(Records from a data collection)

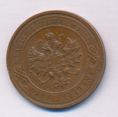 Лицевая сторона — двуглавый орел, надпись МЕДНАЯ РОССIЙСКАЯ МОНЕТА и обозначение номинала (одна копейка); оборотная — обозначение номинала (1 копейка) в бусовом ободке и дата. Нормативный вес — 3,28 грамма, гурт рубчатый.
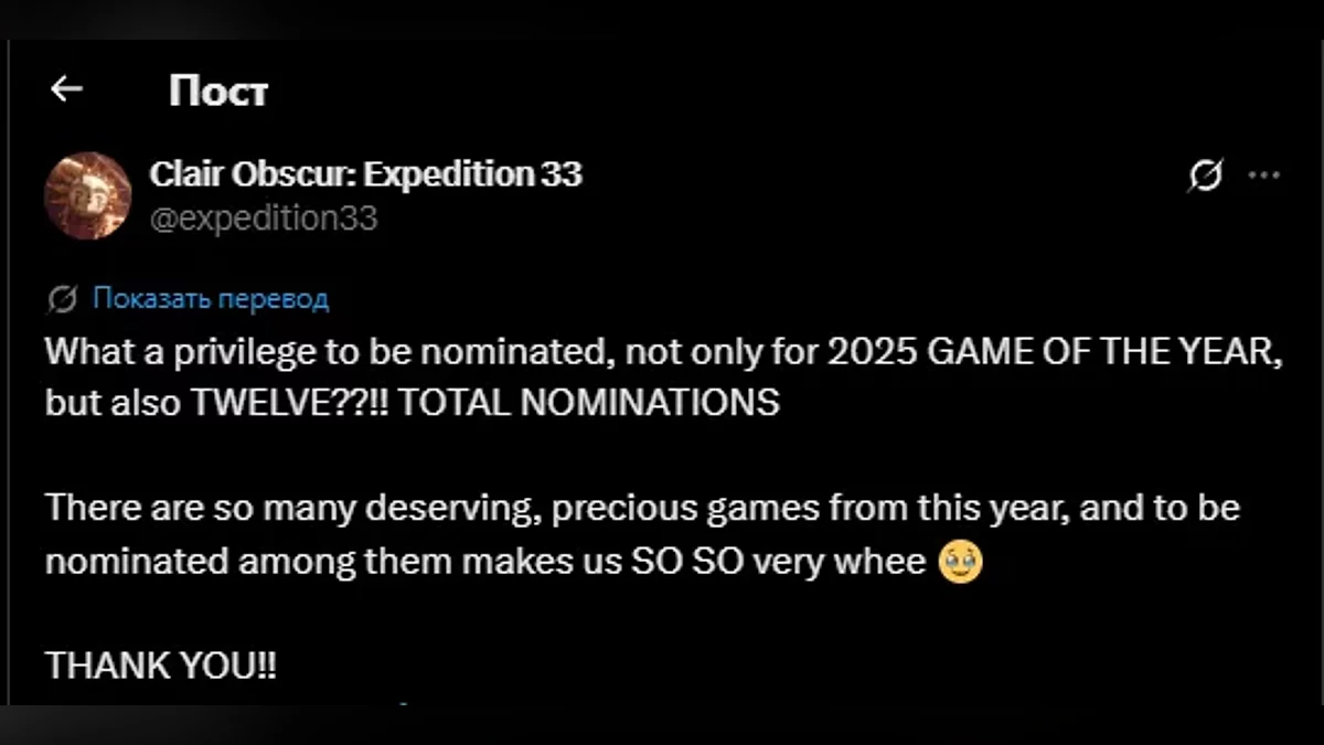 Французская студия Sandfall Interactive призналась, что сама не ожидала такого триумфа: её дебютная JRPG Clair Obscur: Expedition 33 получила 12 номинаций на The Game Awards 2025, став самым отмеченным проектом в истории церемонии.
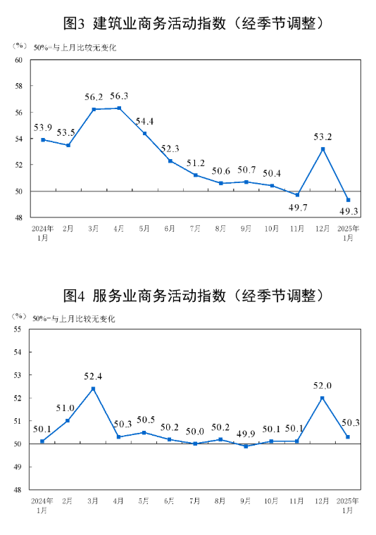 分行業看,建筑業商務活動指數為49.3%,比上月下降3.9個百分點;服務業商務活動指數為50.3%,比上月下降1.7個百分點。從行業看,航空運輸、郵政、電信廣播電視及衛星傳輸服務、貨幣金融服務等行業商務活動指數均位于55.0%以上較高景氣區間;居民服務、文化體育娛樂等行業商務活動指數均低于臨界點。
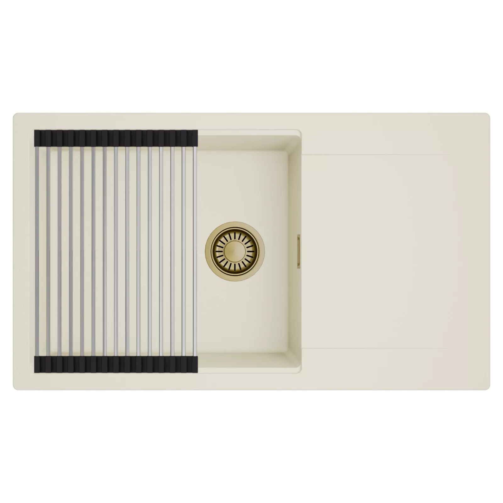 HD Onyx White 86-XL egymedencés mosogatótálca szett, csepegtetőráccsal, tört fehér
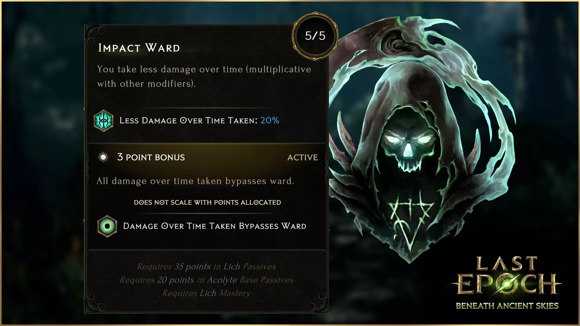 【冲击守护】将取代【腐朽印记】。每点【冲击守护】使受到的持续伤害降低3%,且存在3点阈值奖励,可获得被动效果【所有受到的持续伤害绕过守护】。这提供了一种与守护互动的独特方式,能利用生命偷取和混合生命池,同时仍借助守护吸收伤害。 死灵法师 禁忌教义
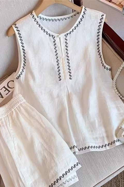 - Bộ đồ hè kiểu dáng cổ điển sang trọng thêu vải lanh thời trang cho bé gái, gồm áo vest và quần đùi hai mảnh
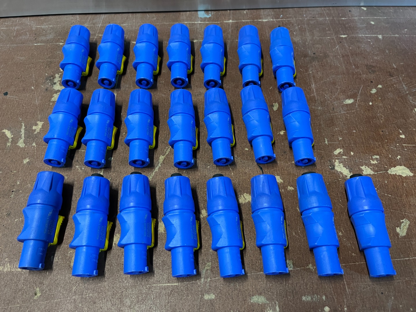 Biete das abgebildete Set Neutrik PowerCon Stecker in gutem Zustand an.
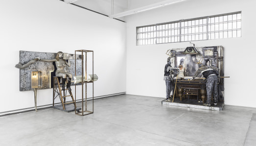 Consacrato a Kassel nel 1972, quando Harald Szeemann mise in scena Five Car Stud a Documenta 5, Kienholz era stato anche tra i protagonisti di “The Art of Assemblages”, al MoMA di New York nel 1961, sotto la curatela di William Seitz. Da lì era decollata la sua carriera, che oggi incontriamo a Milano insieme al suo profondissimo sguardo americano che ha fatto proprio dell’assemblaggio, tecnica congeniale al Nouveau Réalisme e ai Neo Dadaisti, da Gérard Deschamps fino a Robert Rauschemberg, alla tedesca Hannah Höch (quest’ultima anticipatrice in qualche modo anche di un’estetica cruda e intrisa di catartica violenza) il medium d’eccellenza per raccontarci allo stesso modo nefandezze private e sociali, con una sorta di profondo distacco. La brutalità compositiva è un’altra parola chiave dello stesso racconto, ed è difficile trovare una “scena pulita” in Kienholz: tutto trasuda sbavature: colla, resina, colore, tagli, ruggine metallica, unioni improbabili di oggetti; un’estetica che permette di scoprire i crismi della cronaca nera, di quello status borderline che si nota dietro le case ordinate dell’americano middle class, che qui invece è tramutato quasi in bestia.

> [WORK TO COMPLETE]:
Leave out any pictures, please, and quote only the lines from the top of the data through the line that contains "HD Onyx White".

> [COMPLETED EXERCISE]:
 Лицевая сторона — двуглавый орел, надпись МЕДНАЯ РОССIЙСКАЯ МОНЕТА и обозначение номинала (одна копейка); оборотная — обозначение номинала (1 копейка) в бусовом ободке и дата. Нормативный вес — 3,28 грамма, гурт рубчатый.
 Французская студия Sandfall Interactive призналась, что сама не ожидала такого триумфа: её дебютная JRPG Clair Obscur: Expedition 33 получила 12 номинаций на The Game Awards 2025, став самым отмеченным проектом в истории церемонии.
 分行業看,建筑業商務活動指數為49.3%,比上月下降3.9個百分點;服務業商務活動指數為50.3%,比上月下降1.7個百分點。從行業看,航空運輸、郵政、電信廣播電視及衛星傳輸服務、貨幣金融服務等行業商務活動指數均位于55.0%以上較高景氣區間;居民服務、文化體育娛樂等行業商務活動指數均低于臨界點。
 HD Onyx White 86-XL egymedencés mosogatótálca szett, csepegtetőráccsal, tört fehér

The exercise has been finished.